* **Exercise objective**
With the pictures left out, repeat every entry that follows exactly.

* **Working data**
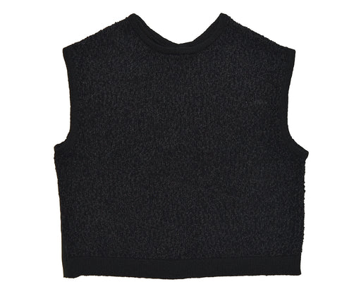 Keittoニットと布帛が切り替えになった前後着用可能なベスト。ニットはポコポコとしたファンシーヤーンを使用し、編地が透け過ぎないので長い期間着用できます。布帛はサラッとした涼し気なポリエステル生地を使用。手づくりマルシェのシーンにちなんで、フィンランド語で「手づくり」というロゴが入ったボタンを付けました...
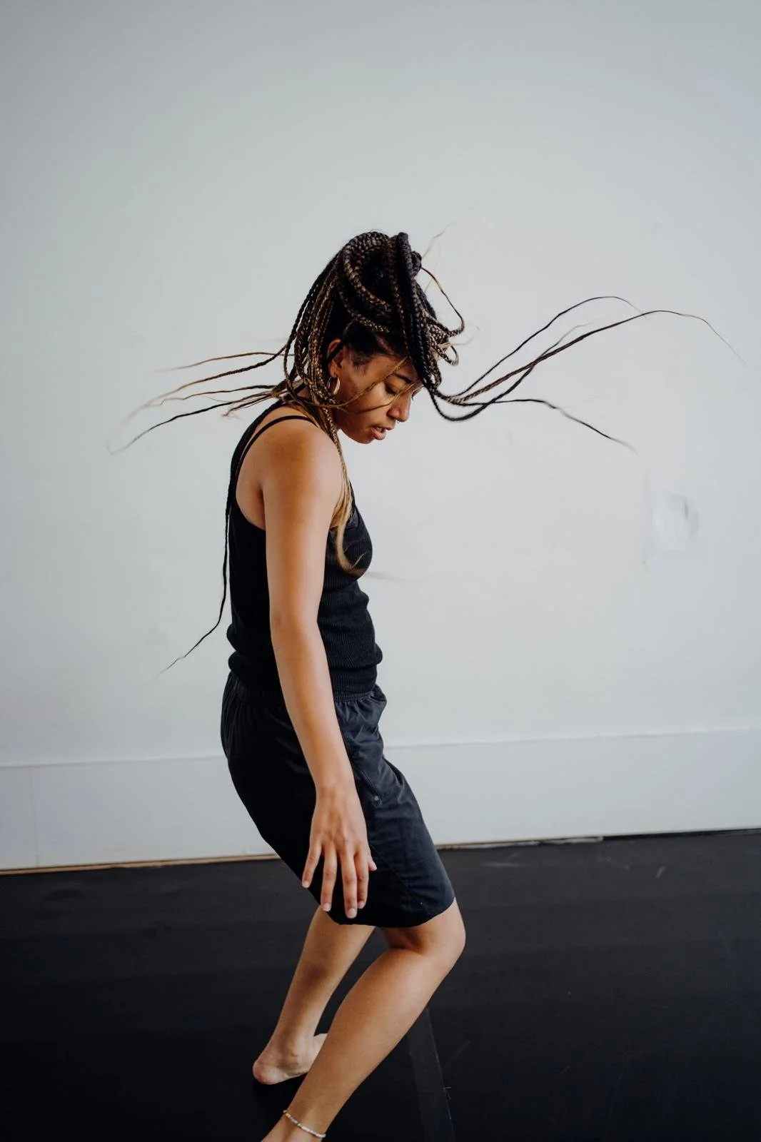 Mali, a slim mixed race woman in her early 20s, with long braids tied in a ponytail. She is wearing a black vest and black shorts. The background is a white wall. Mali is captured in the motion of swinging her torso upright from a forward fold. Her long braids fly out in an arc over her head. Her mouth is open and her gaze down.
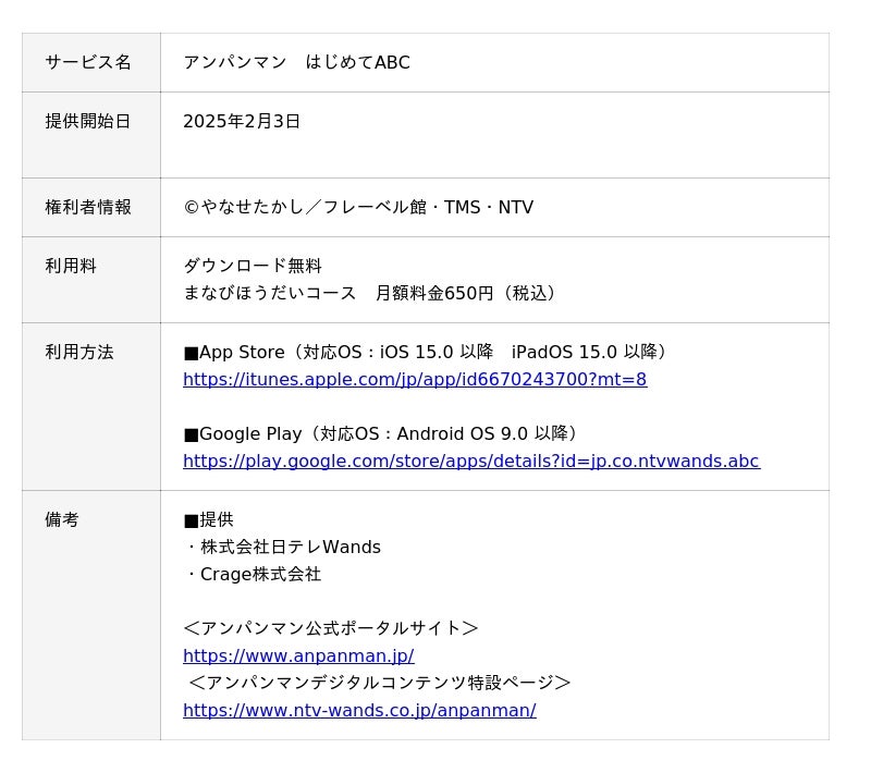 株式会社日テレWands(本社:東京都港区、代表取締役社長執行役員:角田洋子)が配信するアンパンマンの幼児向け英語アプリ「アンパンマン はじめてABC」のまなびほうだいコースに、遊びの幅が広がる新ゲームモード「ペアさがし」が登場いたしました。
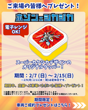 期間中にご来場で【ダイハツ限定オリジナルタッパー】をもれなくプレゼント🎁❗
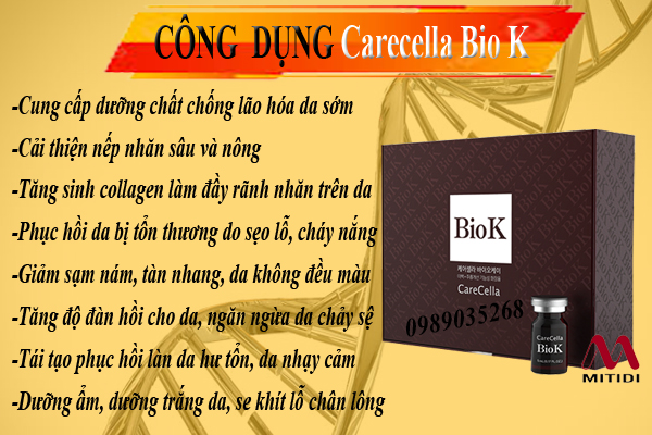 Tinh chất trẻ hóa da Carecella Bio K Carecella Bio K giúp làm mờ nếp nhăn, tăng cường chống lại các dấu hiệu của lão hóa da, loại bỏ nám, tàn nhang, làm mờ vết thâm, tái tạo làn da trắng sáng mịn màng.
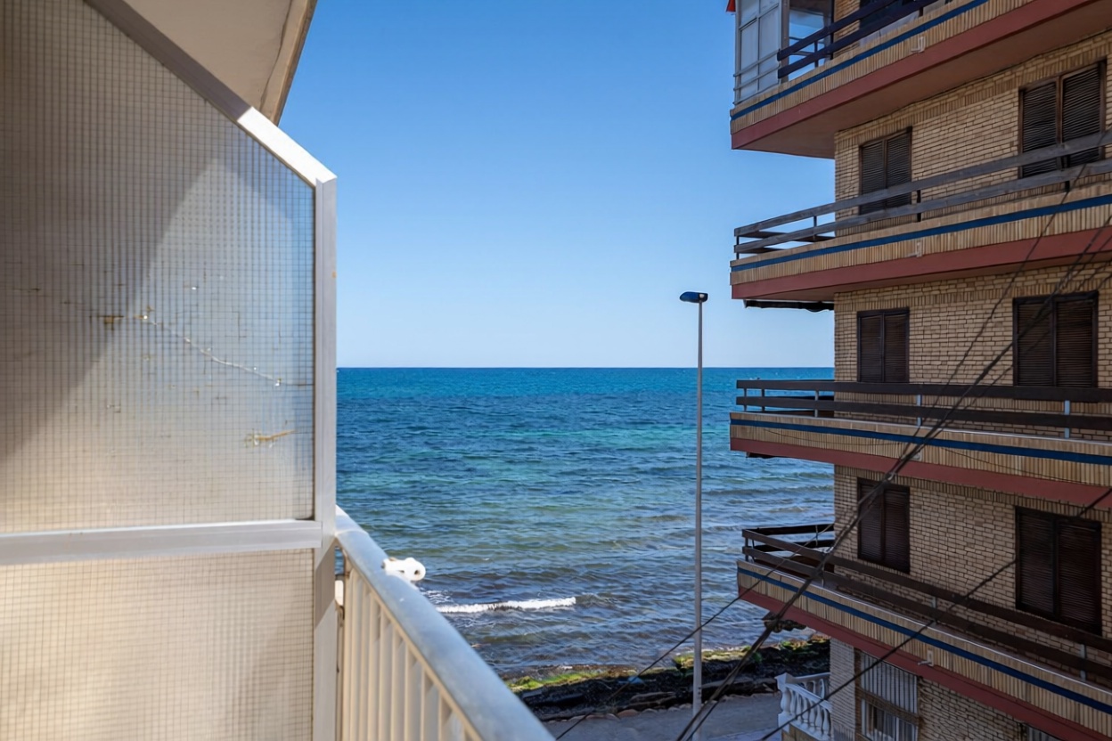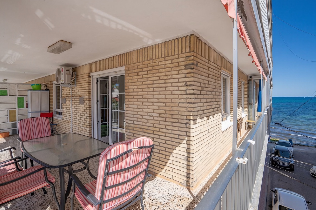 Bem-vindo a esta encantadora propriedade em primeira linha de mar, ideal para desfrutar da brisa marinha e vistas espetaculares. Com 69 m2 construídos e 62 m2 úteis, este apartamento acolhedor possui 3 quartos luminosos e um banheiro completo, perfeitos para famílias ou como investimento. O terraço e a varanda ampliam o seu espaço ao ar livre, oferecendo um lugar perfeito para desfrutar e desfrutar do ambiente. Localizado na primeira planta, com orientação norte e oeste, permite uma excelente entrada de luz natural. Equipado com ar condicionado e armários incorporados, esta propriedade de segunda mão encontra-se em bom estado, lista para se mudar. A apenas passos da praia, esta é uma oportunidade que você não vai querer se perder. Contacte-nos para mais informações!

* **Response for this exercise**
 Keittoニットと布帛が切り替えになった前後着用可能なベスト。ニットはポコポコとしたファンシーヤーンを使用し、編地が透け過ぎないので長い期間着用できます。布帛はサラッとした涼し気なポリエステル生地を使用。手づくりマルシェのシーンにちなんで、フィンランド語で「手づくり」というロゴが入ったボタンを付けました...
 Mali, a slim mixed race woman in her early 20s, with long braids tied in a ponytail. She is wearing a black vest and black shorts. The background is a white wall. Mali is captured in the motion of swinging her torso upright from a forward fold. Her long braids fly out in an arc over her head. Her mouth is open and her gaze down.
 株式会社日テレWands(本社:東京都港区、代表取締役社長執行役員:角田洋子)が配信するアンパンマンの幼児向け英語アプリ「アンパンマン はじめてABC」のまなびほうだいコースに、遊びの幅が広がる新ゲームモード「ペアさがし」が登場いたしました。
 期間中にご来場で【ダイハツ限定オリジナルタッパー】をもれなくプレゼント🎁❗
 Tinh chất trẻ hóa da Carecella Bio K Carecella Bio K giúp làm mờ nếp nhăn, tăng cường chống lại các dấu hiệu của lão hóa da, loại bỏ nám, tàn nhang, làm mờ vết thâm, tái tạo làn da trắng sáng mịn màng.
 Bem-vindo a esta encantadora propriedade em primeira linha de mar, ideal para desfrutar da brisa marinha e vistas espetaculares. Com 69 m2 construídos e 62 m2 úteis, este apartamento acolhedor possui 3 quartos luminosos e um banheiro completo, perfeitos para famílias ou como investimento. O terraço e a varanda ampliam o seu espaço ao ar livre, oferecendo um lugar perfeito para desfrutar e desfrutar do ambiente. Localizado na primeira planta, com orientação norte e oeste, permite uma excelente entrada de luz natural. Equipado com ar condicionado e armários incorporados, esta propriedade de segunda mão encontra-se em bom estado, lista para se mudar. A apenas passos da praia, esta é uma oportunidade que você não vai querer se perder. Contacte-nos para mais informações!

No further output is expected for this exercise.